Founders describe a shifting customer model: developers remain key users, but agents are becoming both the interface and the distribution channel. This drives teams to design for machine-consumable workflows (CLIs, skills, exportable data) while maintaining strong developer UX principles.
- •Developers as users, agents as distribution—and increasingly as “customers”
- •Building agent-friendly interfaces: CLIs, skills, and exportable data
- •Infrastructure products increasingly serve agent-to-agent interactions
- •Agent adoption changes internal orgs (marketing/sales/devops agents)
- 3:00 – 4:22
Building for agents first: redesigning products, docs, and workflows
Founders explain how agent-native design changes product priorities: parallelizing work, revisiting core interfaces, and making everything accessible programmatically. A key theme is optimizing documentation and product surfaces for agent context windows to reduce integration errors.
- •Agent experience as a first-class interface requirement (not an add-on)
- •Parallel development: moving from 1 feature at a time to many in parallel
- •Ruthlessly deleting obsolete features as the world shifts faster
- •Investing early in agentic infrastructure like sandboxes
- •Docs redesigned to fit agent context windows, improving accuracy and reducing mistakes
- 4:22 – 7:16
Biggest early mistakes: DX misunderstandings and product instincts
Founders reflect on missteps in developer tooling: drifting away from developer “spirit,” over-indexing on polish versus time-to-value, and being insufficiently opinionated or confident.
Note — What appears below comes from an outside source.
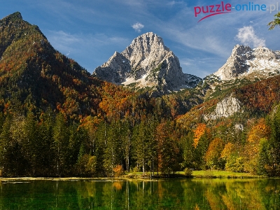 Szczyty, Niebo, Skały, Las, Drzewa, Góry, Jesień, Jezioro

They also describe the tension between listening to users and trusting internal product judgment to avoid cruft.
- •Drifting from developer expectations (clarity, speed, transparent pricing) created mistakes
- •Over-focusing on “perfect UI” instead of fast onboarding and aha moments
- •Being too generic vs. owning an opinionated API/approach
- •Not trusting founder instincts enough led to product cruft and complexity
- 7:16 – 9:22
Do founders still write code? How agents changed the workflow
Founders give candid answers ranging from “I only prompt” to “I push a PR daily,” with many describing a shift toward reviewing agent-written code. A recurring idea is that the total code shipped increases, while human-authored code becomes a smaller percentage—freeing time for strategy, customers, and higher-level collaboration.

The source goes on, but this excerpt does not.